---------- Input ----------
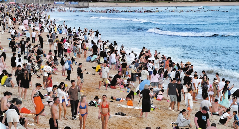 10月6日,在三亚市大东海景区,市民和游客在海滩戏水。
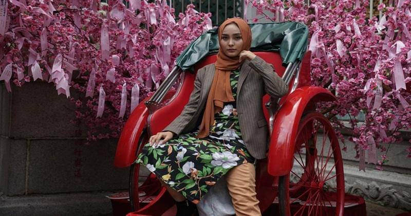 Ia memadukan cheongsam bermotif floral dengan celana khaki dan outer blazer. Untuk hijabnya, bisa memilih pashmina seperti ini.
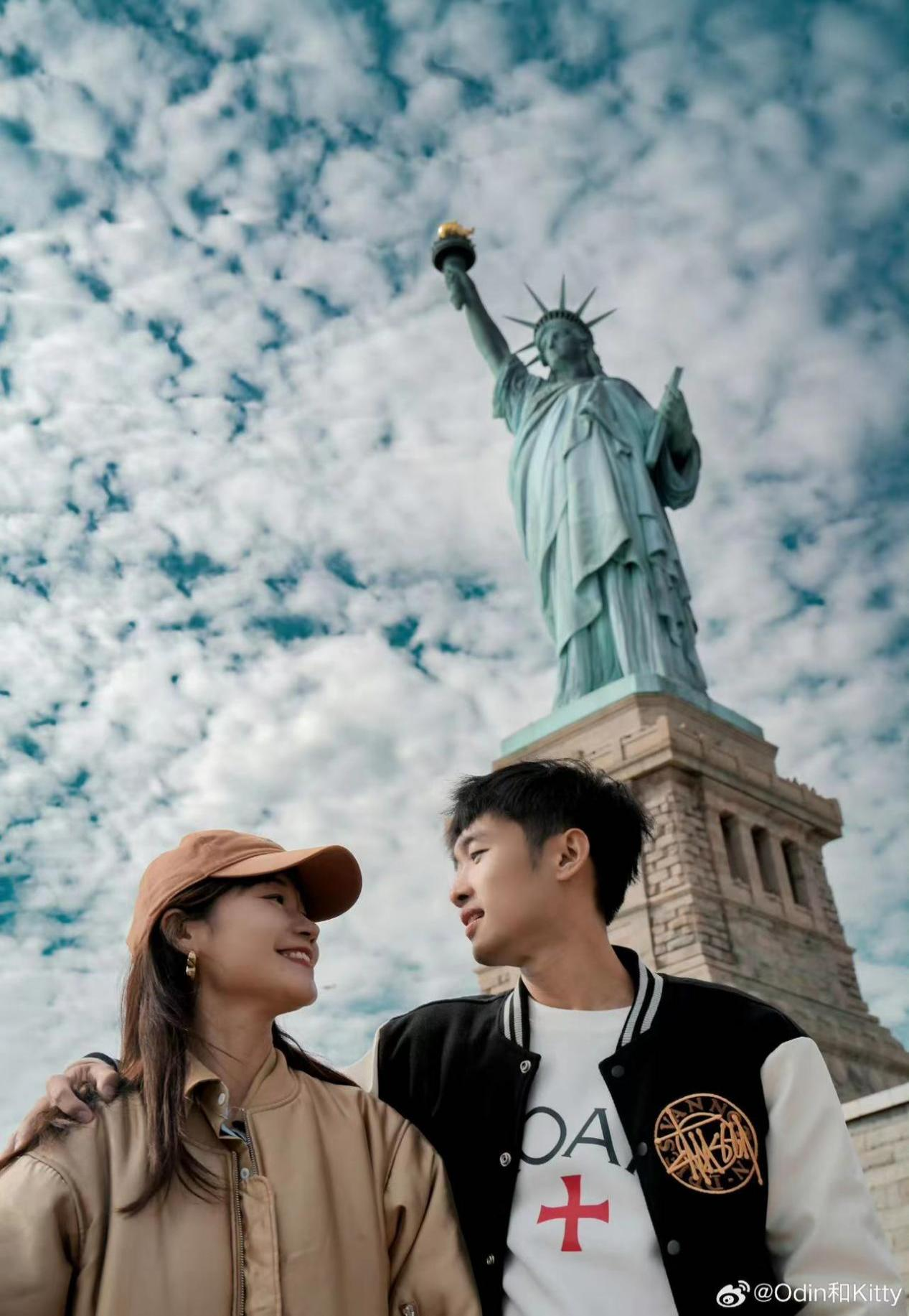 黄俐婷和欧茂森校友在自由女神像前捕捉地美好画面
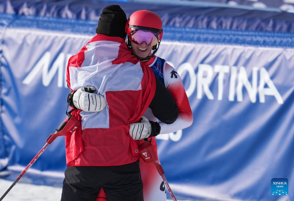BORMIO, Italy, Feb. 9 (Xinhua) -- Franjo von Allmen secured his second gold medal of the Milan-Cortina Winter Games on Monday, leading a Swiss sweep of the opening two men's alpine skiing titles by winning the men's team combined alongside teammate Tanguy Nef.
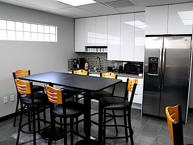 We provided 4 sets of pub height tables and chairs from The Benedict Collection for the office breakroom furniture.
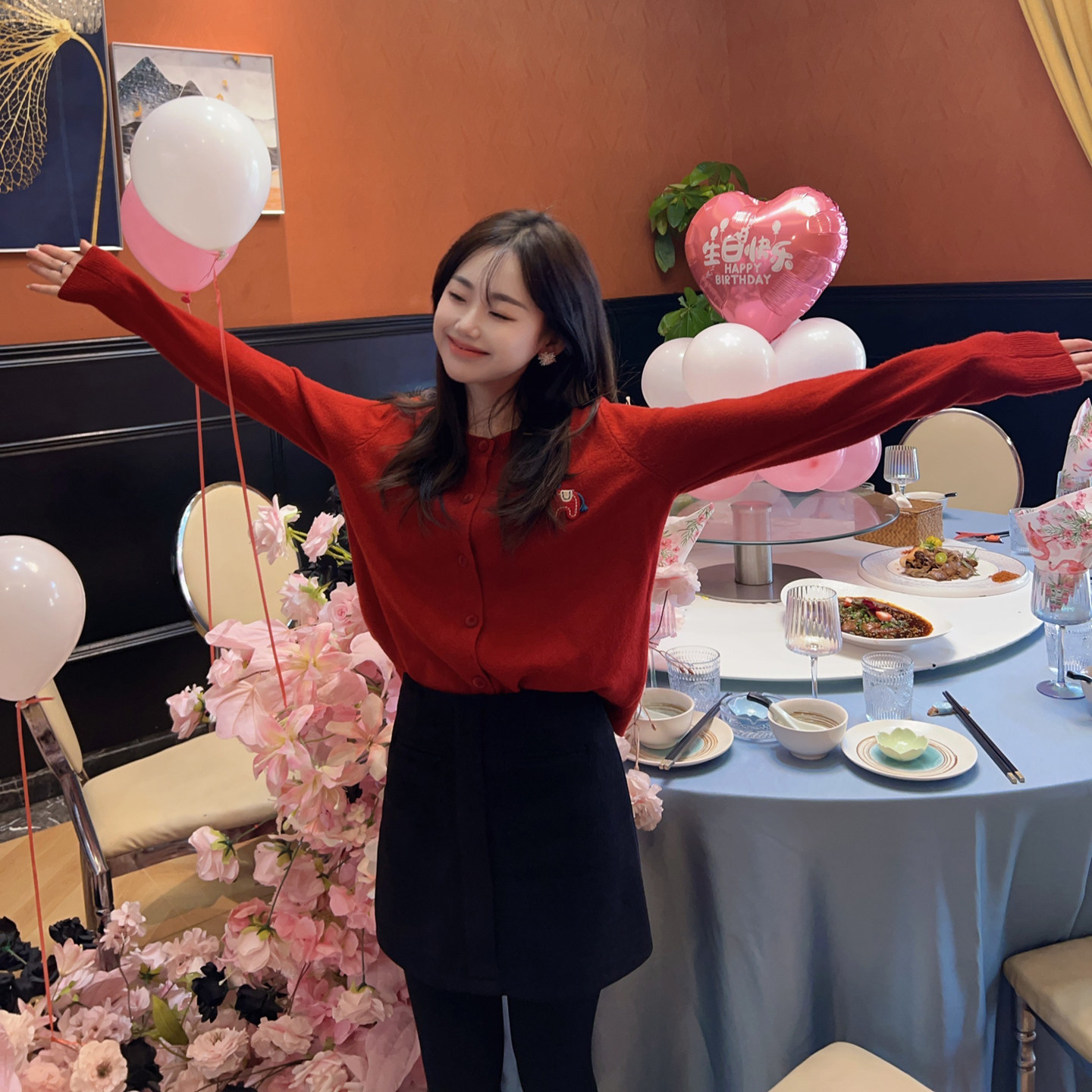 📚 小小家小个子 小码红色小马年毛衣小版型基础甜美针织开衫150xs
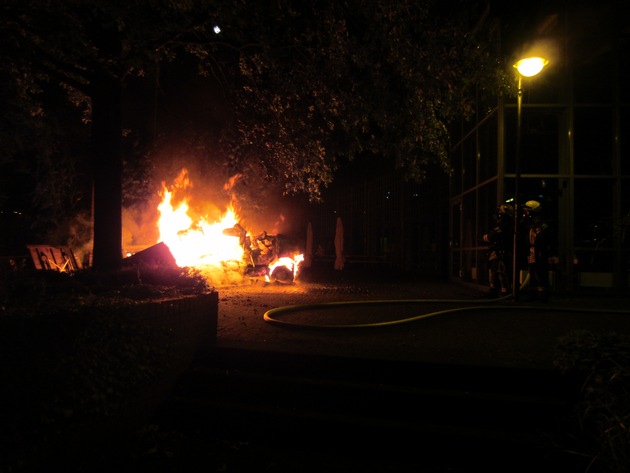 In der Nacht zum Sonntag um 03.30 Uhr wurde die Feuerwehr Mülheim zu mehreren Brandeinsätzen gerufen. Vor der Gaststätte am Ringlokschuppen in der Müga brannte ein Englischer Oldtimerbus in voller Ausdehnung. Der Brand wurde schnell von einem Löschfahrzeug abgelöscht. Parallel kamen in der Nacht noch zwei weitere Einsätze dazu. Auf der Bergstraße an der Volkshochschule brannte ein Müllcontainer, auf der Cäcilienstraße eine Mülltonne vor einem Wohnhaus. Die Brände wurden ebenfalls schnell von ausgerückten Tanklöschfahrzeugen abgelöscht. Die Brandursache hierfür ist unklar. Es handelt sich vermutlich um Brandstiftung, die Polizei ermittelt. (T.He)
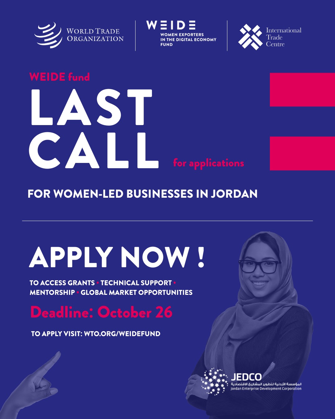 عمّان –دعت المؤسسة الأردنية لتطوير المشاريع الاقتصادية (جيدكو) رائدات الأعمال والمشاريع الصغيرة والمتوسطة التي تمتلكها النساء في مختلف محافظات المملكة إلى المسارعة في تقديم طلباتهن للاستفادة من صندوق النساء المصدّرات في الاقتصاد الرقمي (WEIDE Fund)، حيث تنتهي فترة استقبال الطلبات يوم الأحد الموافق 26 تشرين الأول 2025 عبر الموقع الإلكتروني الرسمي للصندوق: www.weidefund.org.
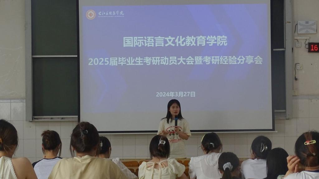 为激发学生考研的热情和动力,推动考研促学风建设,3月27日下午,国际语言文化教育学院在5号综合楼604教室举办了2025届毕业生考研动员大会暨考研经验分享会。会议邀请翻译专业教研室赵海莲老师、2023级翻译硕士研究生吴卓凝、杨靓作为主讲嘉宾。学院党委副书记张剑老师、辅导员蒙丽莎老师出席会议。我院2025届毕业生及其他年级有考研意向的同学参加会议。
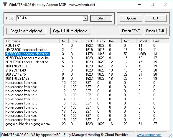 Er zijn tools die nog grondiger te werk gaan of die je meer informatie kunnen bezorgen. Eén ervan is het al wat oudere MTR (My TraceRoute), beschikbaar voor diverse platformen. MTR is goed vergelijkbaar met pathping, maar de gebruiker bepaalt zelf hoe vaak de route (opnieuw) wordt getraceerd. Je krijgt bij elke router onder meer de gemiddelde round-trip-time en het percentage pakketverlies te zien.
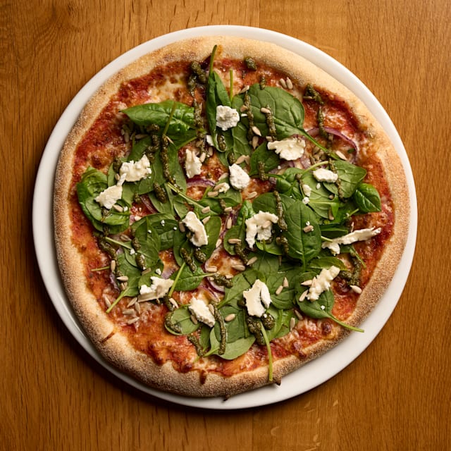 - Tomatensaus, mozzarella, verse spinazie, rode ui, geitenkaas, pesto, geroosterde zonnebloempitten
----------
What needs to be done ::
Return the listing exactly as it appears, excluding any image.

Response box ::
 10月6日,在三亚市大东海景区,市民和游客在海滩戏水。
 Ia memadukan cheongsam bermotif floral dengan celana khaki dan outer blazer. Untuk hijabnya, bisa memilih pashmina seperti ini.
 黄俐婷和欧茂森校友在自由女神像前捕捉地美好画面
BORMIO, Italy, Feb. 9 (Xinhua) -- Franjo von Allmen secured his second gold medal of the Milan-Cortina Winter Games on Monday, leading a Swiss sweep of the opening two men's alpine skiing titles by winning the men's team combined alongside teammate Tanguy Nef.
 We provided 4 sets of pub height tables and chairs from The Benedict Collection for the office breakroom furniture.
 📚 小小家小个子 小码红色小马年毛衣小版型基础甜美针织开衫150xs
 In der Nacht zum Sonntag um 03.30 Uhr wurde die Feuerwehr Mülheim zu mehreren Brandeinsätzen gerufen. Vor der Gaststätte am Ringlokschuppen in der Müga brannte ein Englischer Oldtimerbus in voller Ausdehnung. Der Brand wurde schnell von einem Löschfahrzeug abgelöscht. Parallel kamen in der Nacht noch zwei weitere Einsätze dazu. Auf der Bergstraße an der Volkshochschule brannte ein Müllcontainer, auf der Cäcilienstraße eine Mülltonne vor einem Wohnhaus. Die Brände wurden ebenfalls schnell von ausgerückten Tanklöschfahrzeugen abgelöscht. Die Brandursache hierfür ist unklar. Es handelt sich vermutlich um Brandstiftung, die Polizei ermittelt. (T.He)
 عمّان –دعت المؤسسة الأردنية لتطوير المشاريع الاقتصادية (جيدكو) رائدات الأعمال والمشاريع الصغيرة والمتوسطة التي تمتلكها النساء في مختلف محافظات المملكة إلى المسارعة في تقديم طلباتهن للاستفادة من صندوق النساء المصدّرات في الاقتصاد الرقمي (WEIDE Fund)، حيث تنتهي فترة استقبال الطلبات يوم الأحد الموافق 26 تشرين الأول 2025 عبر الموقع الإلكتروني الرسمي للصندوق: www.weidefund.org.
 为激发学生考研的热情和动力,推动考研促学风建设,3月27日下午,国际语言文化教育学院在5号综合楼604教室举办了2025届毕业生考研动员大会暨考研经验分享会。会议邀请翻译专业教研室赵海莲老师、2023级翻译硕士研究生吴卓凝、杨靓作为主讲嘉宾。学院党委副书记张剑老师、辅导员蒙丽莎老师出席会议。我院2025届毕业生及其他年级有考研意向的同学参加会议。
 Er zijn tools die nog grondiger te werk gaan of die je meer informatie kunnen bezorgen. Eén ervan is het al wat oudere MTR (My TraceRoute), beschikbaar voor diverse platformen. MTR is goed vergelijkbaar met pathping, maar de gebruiker bepaalt zelf hoe vaak de route (opnieuw) wordt getraceerd. Je krijgt bij elke router onder meer de gemiddelde round-trip-time en het percentage pakketverlies te zien.
 - Tomatensaus, mozzarella, verse spinazie, rode ui, geitenkaas, pesto, geroosterde zonnebloempitten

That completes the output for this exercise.